There were other throws and missed reads like this too.

Non-Rodgers offensive issues

Make no mistake, Rodgers is not the only issue, but his poor performances compounded the already broken nature of the offense. Early in the game there are a couple of examples of this.

Here the Packers are running a naked boot play action pass to the right where Rodgers fakes the outside zone run to the left as receivers cross from left to right over the linebackers.

The built in shot play is the corner post to Watson and the progression goes from Watson to the intermediate crosser by Watkins to the shallow crosser in the flat. The above diagram is the route distribution that should have occurred.

This diagram is what happens. And it’s wrong.

Rodgers boots out to the right and sees there is no intermediate crossing route from Watkins under the corner post. Watkins for some reason ran the wrong route and ran a corner route the opposite way.

Watson also runs a very poor route and should stem the corner portion of the route stem a few more steps before cutting back to the post. The idea is to get the safety to jump the corner.

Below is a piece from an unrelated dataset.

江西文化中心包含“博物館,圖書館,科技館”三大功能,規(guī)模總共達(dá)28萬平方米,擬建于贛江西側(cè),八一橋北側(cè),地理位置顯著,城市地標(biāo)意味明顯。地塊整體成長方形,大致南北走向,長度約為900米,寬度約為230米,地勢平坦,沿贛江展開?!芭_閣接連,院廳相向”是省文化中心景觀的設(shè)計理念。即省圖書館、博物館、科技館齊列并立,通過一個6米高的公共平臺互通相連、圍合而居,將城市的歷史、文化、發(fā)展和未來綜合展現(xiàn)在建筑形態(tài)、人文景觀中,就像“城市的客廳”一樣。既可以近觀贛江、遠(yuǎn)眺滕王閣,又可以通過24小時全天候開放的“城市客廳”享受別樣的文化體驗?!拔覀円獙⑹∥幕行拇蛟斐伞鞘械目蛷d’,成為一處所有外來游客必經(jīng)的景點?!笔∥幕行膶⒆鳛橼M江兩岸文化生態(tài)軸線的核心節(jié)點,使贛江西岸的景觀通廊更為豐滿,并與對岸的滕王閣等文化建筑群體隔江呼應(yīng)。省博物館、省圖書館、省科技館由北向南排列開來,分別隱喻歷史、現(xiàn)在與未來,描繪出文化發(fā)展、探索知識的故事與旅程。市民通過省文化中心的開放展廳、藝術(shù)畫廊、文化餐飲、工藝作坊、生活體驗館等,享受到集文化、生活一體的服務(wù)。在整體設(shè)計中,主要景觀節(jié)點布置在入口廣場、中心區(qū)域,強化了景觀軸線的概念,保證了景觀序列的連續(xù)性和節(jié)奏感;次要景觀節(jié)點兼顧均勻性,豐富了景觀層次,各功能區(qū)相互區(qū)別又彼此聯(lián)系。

Either way, Rodgers second read was nowhere to be found and the flat route was covered so he had to just throw it away. That kind of mistake by a veteran receiver with experience in this offense is inexcusable.

On this play, the Packers are running an all go verticals concept where the receivers have the option to run deep sit or curl routes based on the coverage.

The Lions defense is playing a single high 3-deep coverage with rip/liz match principles, a way to play 2x2 four verticals without playing 2-deep safeties.

As Rodgers drops back to pass, Tonyan in the right slot runs his vertical angled at the middle of the field and more toward the deep middle safety. He should have recognized that the middle of the field was closed (MOFC) and worked to the space around the strong safety whom he allowed to funnel him inside. He needed to work back outside the hash away from the safety.

Meanwhile, Rodgers, looking for Lazard, ends up just dumping the pass off to the check down because Lazard ran his fade route about six inches from the sideline and gave Rodgers no window to throw too. He needed about three or four yards from the sideline to give the quarterback any chance at a throw but he allowed himself to be pinned to the sideline.

In addition to poor spacing and reading the leverage incorrectly, Packers receivers were caught on tape:

Falling down on routes and forcing Rodgers to go off script

Dropped passes

Receivers getting jammed and throwing them off their routes, throwing the timing off.

Outlook

The issues with the Packers offense are plentiful. There are issues all over the field with the offense from the quarterback to the receivers and they compound and feed off each other from one series to the next.

There is a lack of trust and a lack of experience with the receiver group that isn’t helped by Rodgers’ comments in the media and after games, to say nothing of his mid game outbursts. At 3-6, the season is all but over for them and the issues do not look like they will be fixed any time soon.